According to the 2022 Benchmark Report, almost all contact center leaders (91%) report that automation is a critical or important priority in the next year. Most (95%) have either already adopted, are implementing now, or are planning to implement automation within the next year.
But the report – a survey of 300+ US-based enterprise contact center leaders – also found that automation is sometimes easier said than done. For many contact centers, the road to automation requires alignment across teams and unanimous enthusiasm within the organization.
Even after determining that automation will benefit customers and agents, there’s still work to be done to navigate common obstacles. Here’s what respondents to the 2022 Benchmark Report cited as their biggest barriers to adopting automation, and key considerations that have allowed contact center leaders to overcome them.
Barrier #1: Cost/budget constraints (49%)
Key Consideration: The transformative impact of Contact Center Automation can quickly dispel budget concerns. By automating tier 1 requests, and reserving live agent time for only the most high-value and complex calls, contact centers can recoup their investment in under six months, according to a Forrester Total Economic Impact Study. In the study, Replicant was found to have eliminated a bottleneck with one food delivery app, which reduced order cancellations and led to an additional $360,000 in revenue over three years.
Barrier #2: Limited IT resources (40%) or desire to build in-house (24%)
Key Consideration: Unlike CCaaS overhauls and custom designed chatbots, Contact Center Automation requires minimal resources to implement when deploying a solution alongside a knowledgeable provider. On the other hand, building a solution in-house is a highly complex and time-intensive process that requires continual retraining and maintenance to be successful. Often, it requires entire teams of conversation designers, machine learning engineers, and CX experts. For most contact centers, the value of automation is much greater when it is pre-trained on millions of conversations, integration-ready, and able to be deployed in weeks – not months or years.
Barrier #3: Lack of leadership buy-in (32%)
Key Consideration: While a third of respondents cite a lack of corporate buy-in as a barrier to Contact Center Automation, 84% said they see the value and need of the technology. Automation is an effective solution for some of the most pressing contact center challenges today.
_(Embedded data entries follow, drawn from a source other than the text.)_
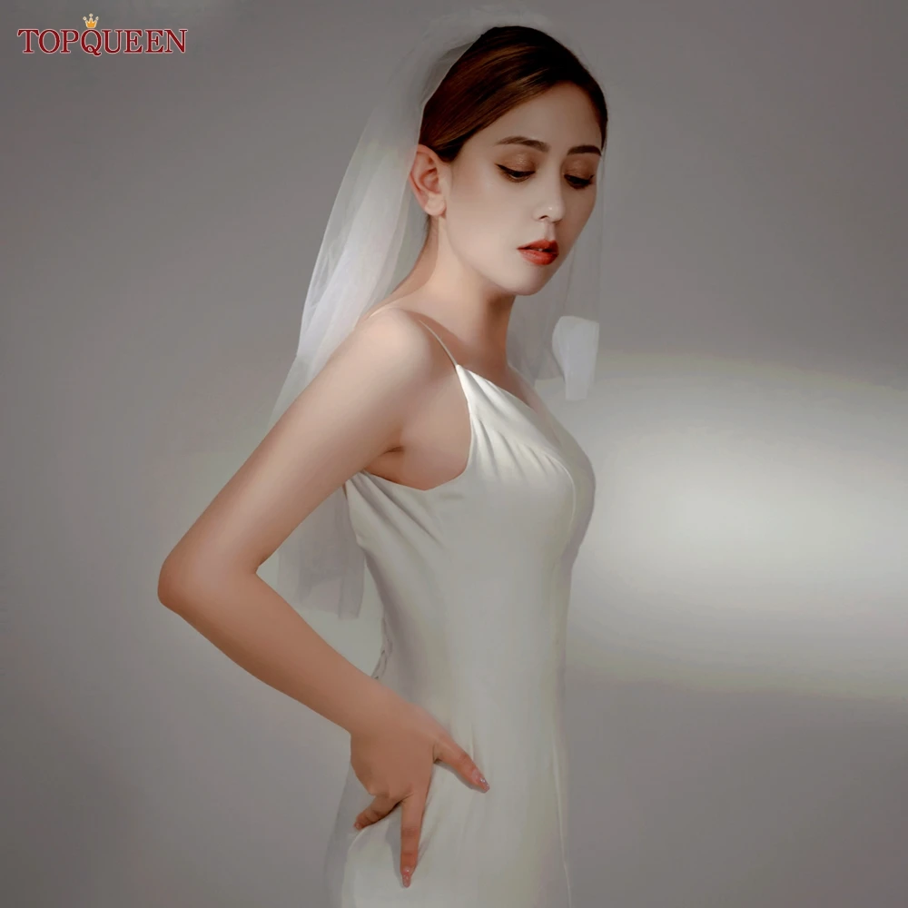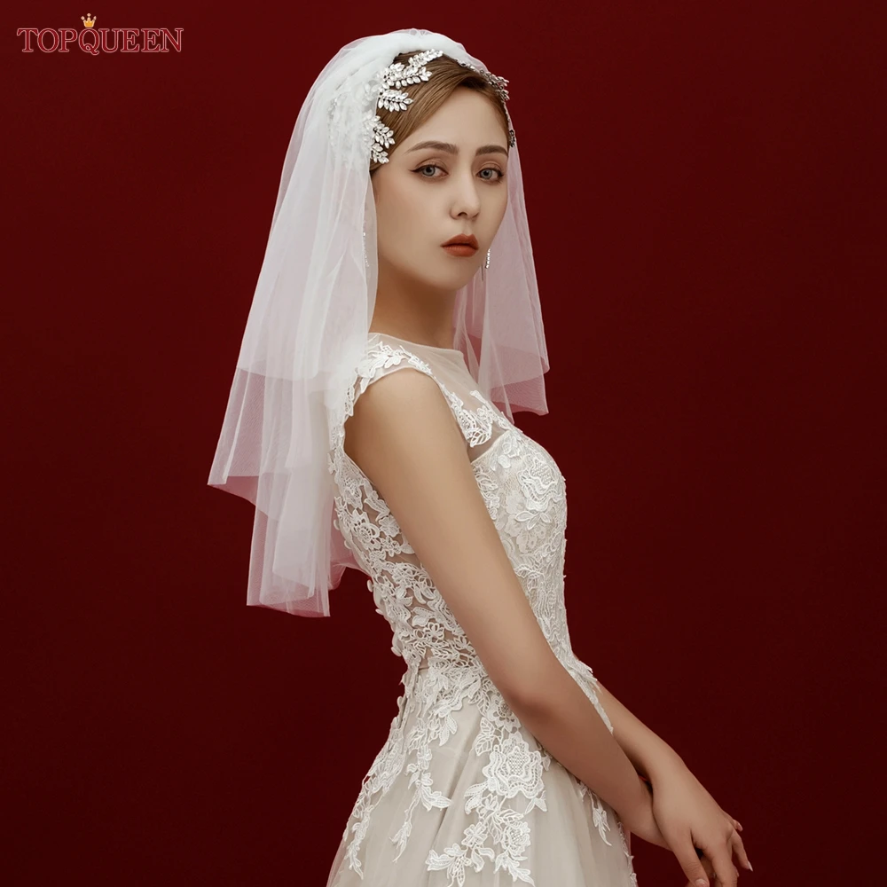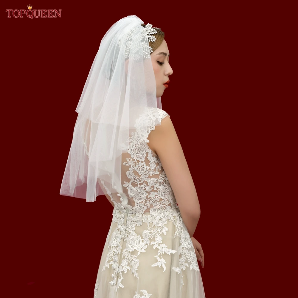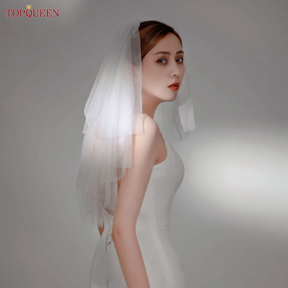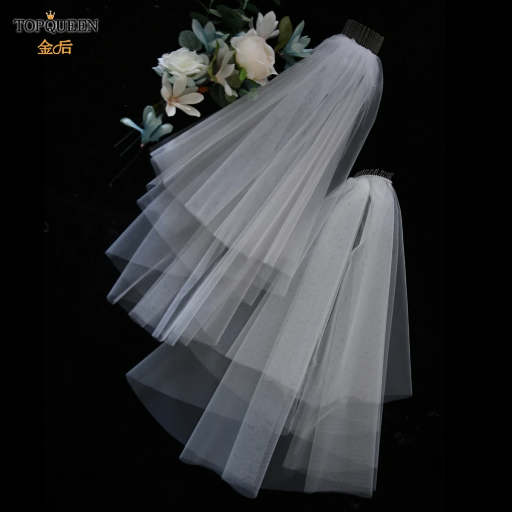 TOPQUEEN V28 красивая элегантная Фата невесты с обрезанным краем двухслойная белая слоновая кость свадебный Тюль с расческой для женщин 2021 горячая распродажа
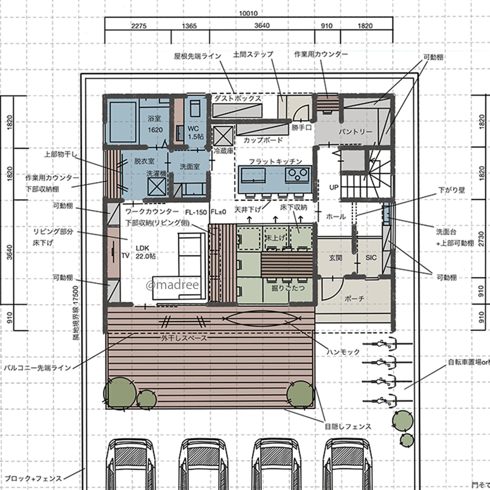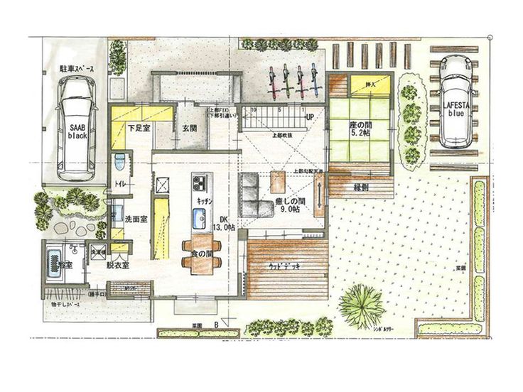 間取り平屋平面図日本庭園縁側ウッドデッキ庭デザイン外構デザイン畳コーナー二間続き和室和室和モダン庭付の家シューズクローク建築学生手描き図面。
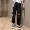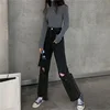 Jean droit taille haute surdimensionné Y2K, pantalon droit, noir, hip hop, skateboard
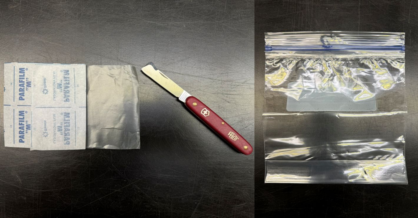 Clean cuts and precise alignment of vascular tissues are critical for a successful union between scion and rootstock. Covering the graft union and scion with a plastic bag helps preserve moisture and increase the success rate (Figure 8). Plants should be kept under shade and high relative humidity conditions for the first three to four days until the tip does not show any wilting signs. The plastic bag can be removed once active growth in the scion is visible.

It’s been shown to dramatically improve customer satisfaction, eliminate wait times, and provide a scalable infrastructure for handling spikes in inbound calls. As automation moves from early majority to late majority status in the next year, those who are able to deploy solutions first will have a distinct advantage over their competitors.
Barrier #4: Unsure how to get started or too complex (23%)
Key Consideration: Although 77% of leaders say they know how to get started and 90% believe automation works, a portion still feel it’s too complex or overwhelming to explore right now. It’s hard to blame them. Contact center transformations like cloud migrations have historically been convoluted, expensive, and slow. But it’s important to make the distinction between Contact Center Automation and wholesale platform changes. A common strategy when deploying automation is to begin with a testbed project. This might be automating a portion of a single contact driver over a single channel, such as 25% of Customer Authentications. Once comfortable, leaders can determine if improvements must be made before adding volume and expanding to more high ROI use cases.
Barrier #5: Don’t have the right skills/team (21%)
Key Consideration: While 79% of respondents feel they have the right skills and team to use automation, just over 20% don’t share that sentiment. When exploring automation solutions, the latter group should place an emphasis on partners who have experience guiding the deployment process from both a technology and business perspective. A solution design cycle should begin with a thorough discovery and documentation of metrics in order to calculate an expected ROI. From there, partners can provide expertise in performing a technology assessment alongside your IT, CCaaS and telephony stakeholders, before using their own conversation design experts to create an automation solution tailored to your brand.
Barrier #6: Skepticism that customers are ready (21%)
Key Consideration: Even though 79% of leaders believe customers are ready for some capacity of automation, it’s reasonable to expect confidence to vary by industry, brand and customer type. However, recent data shows that 71% of people would rather speak to a machine than endure 15 minutes on hold. In addition, the leaps in capabilities that have been made in conversational AI over the past years have greatly expanded the effectiveness of automation across customer segments. Because, a marketplace for older adult wellness products, successfully resolves high-volume, tier 1 calls with a 90% resolution rate across their customer base and has already begun expanding their solution to more channels.